# What needs to be done
Beginning at the line that contains "Mettre sous tension/éteindre", return every remaining line of the data below exactly; return nothing before it.

# Data records
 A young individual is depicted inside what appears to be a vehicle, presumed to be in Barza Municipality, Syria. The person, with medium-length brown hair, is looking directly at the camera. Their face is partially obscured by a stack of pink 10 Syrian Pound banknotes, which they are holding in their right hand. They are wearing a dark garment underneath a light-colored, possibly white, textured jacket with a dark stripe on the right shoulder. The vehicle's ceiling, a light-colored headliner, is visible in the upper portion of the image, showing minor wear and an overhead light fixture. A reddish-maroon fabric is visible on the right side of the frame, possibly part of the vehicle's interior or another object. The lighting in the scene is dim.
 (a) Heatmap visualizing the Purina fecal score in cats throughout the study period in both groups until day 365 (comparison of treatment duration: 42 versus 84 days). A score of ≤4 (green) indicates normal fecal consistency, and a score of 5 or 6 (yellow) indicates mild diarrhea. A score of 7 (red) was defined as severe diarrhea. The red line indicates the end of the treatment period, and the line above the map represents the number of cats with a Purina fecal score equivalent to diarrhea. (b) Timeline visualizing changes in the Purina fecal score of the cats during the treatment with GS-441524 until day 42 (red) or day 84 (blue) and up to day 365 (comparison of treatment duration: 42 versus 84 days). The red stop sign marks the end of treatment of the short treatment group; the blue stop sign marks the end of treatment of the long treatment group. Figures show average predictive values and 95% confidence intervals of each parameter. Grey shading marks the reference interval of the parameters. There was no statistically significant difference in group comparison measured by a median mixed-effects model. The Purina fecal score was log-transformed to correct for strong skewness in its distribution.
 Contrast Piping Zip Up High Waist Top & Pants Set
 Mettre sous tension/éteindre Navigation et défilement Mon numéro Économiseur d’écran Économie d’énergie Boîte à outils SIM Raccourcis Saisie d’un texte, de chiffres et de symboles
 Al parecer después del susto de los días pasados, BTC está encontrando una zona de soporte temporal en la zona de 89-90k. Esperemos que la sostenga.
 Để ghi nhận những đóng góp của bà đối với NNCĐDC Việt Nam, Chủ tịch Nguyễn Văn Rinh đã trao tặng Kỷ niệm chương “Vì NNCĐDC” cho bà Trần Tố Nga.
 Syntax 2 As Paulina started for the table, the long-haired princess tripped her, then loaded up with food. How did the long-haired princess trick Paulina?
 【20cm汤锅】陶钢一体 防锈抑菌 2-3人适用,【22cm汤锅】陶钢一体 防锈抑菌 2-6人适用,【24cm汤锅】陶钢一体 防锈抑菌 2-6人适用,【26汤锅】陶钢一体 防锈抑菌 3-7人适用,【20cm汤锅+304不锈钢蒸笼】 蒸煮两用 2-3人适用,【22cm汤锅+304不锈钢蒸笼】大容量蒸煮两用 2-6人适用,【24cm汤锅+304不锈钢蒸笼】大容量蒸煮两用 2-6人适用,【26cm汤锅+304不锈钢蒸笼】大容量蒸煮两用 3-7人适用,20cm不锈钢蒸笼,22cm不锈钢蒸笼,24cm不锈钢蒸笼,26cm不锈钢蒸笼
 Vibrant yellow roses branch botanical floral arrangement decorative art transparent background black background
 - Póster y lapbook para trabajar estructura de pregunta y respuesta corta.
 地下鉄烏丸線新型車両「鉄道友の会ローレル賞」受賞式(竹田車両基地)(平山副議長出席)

# Reply
 Mettre sous tension/éteindre Navigation et défilement Mon numéro Économiseur d’écran Économie d’énergie Boîte à outils SIM Raccourcis Saisie d’un texte, de chiffres et de symboles
 Al parecer después del susto de los días pasados, BTC está encontrando una zona de soporte temporal en la zona de 89-90k. Esperemos que la sostenga.
 Để ghi nhận những đóng góp của bà đối với NNCĐDC Việt Nam, Chủ tịch Nguyễn Văn Rinh đã trao tặng Kỷ niệm chương “Vì NNCĐDC” cho bà Trần Tố Nga.
 Syntax 2 As Paulina started for the table, the long-haired princess tripped her, then loaded up with food. How did the long-haired princess trick Paulina?
 【20cm汤锅】陶钢一体 防锈抑菌 2-3人适用,【22cm汤锅】陶钢一体 防锈抑菌 2-6人适用,【24cm汤锅】陶钢一体 防锈抑菌 2-6人适用,【26汤锅】陶钢一体 防锈抑菌 3-7人适用,【20cm汤锅+304不锈钢蒸笼】 蒸煮两用 2-3人适用,【22cm汤锅+304不锈钢蒸笼】大容量蒸煮两用 2-6人适用,【24cm汤锅+304不锈钢蒸笼】大容量蒸煮两用 2-6人适用,【26cm汤锅+304不锈钢蒸笼】大容量蒸煮两用 3-7人适用,20cm不锈钢蒸笼,22cm不锈钢蒸笼,24cm不锈钢蒸笼,26cm不锈钢蒸笼
 Vibrant yellow roses branch botanical floral arrangement decorative art transparent background black background
 - Póster y lapbook para trabajar estructura de pregunta y respuesta corta.
 地下鉄烏丸線新型車両「鉄道友の会ローレル賞」受賞式(竹田車両基地)(平山副議長出席)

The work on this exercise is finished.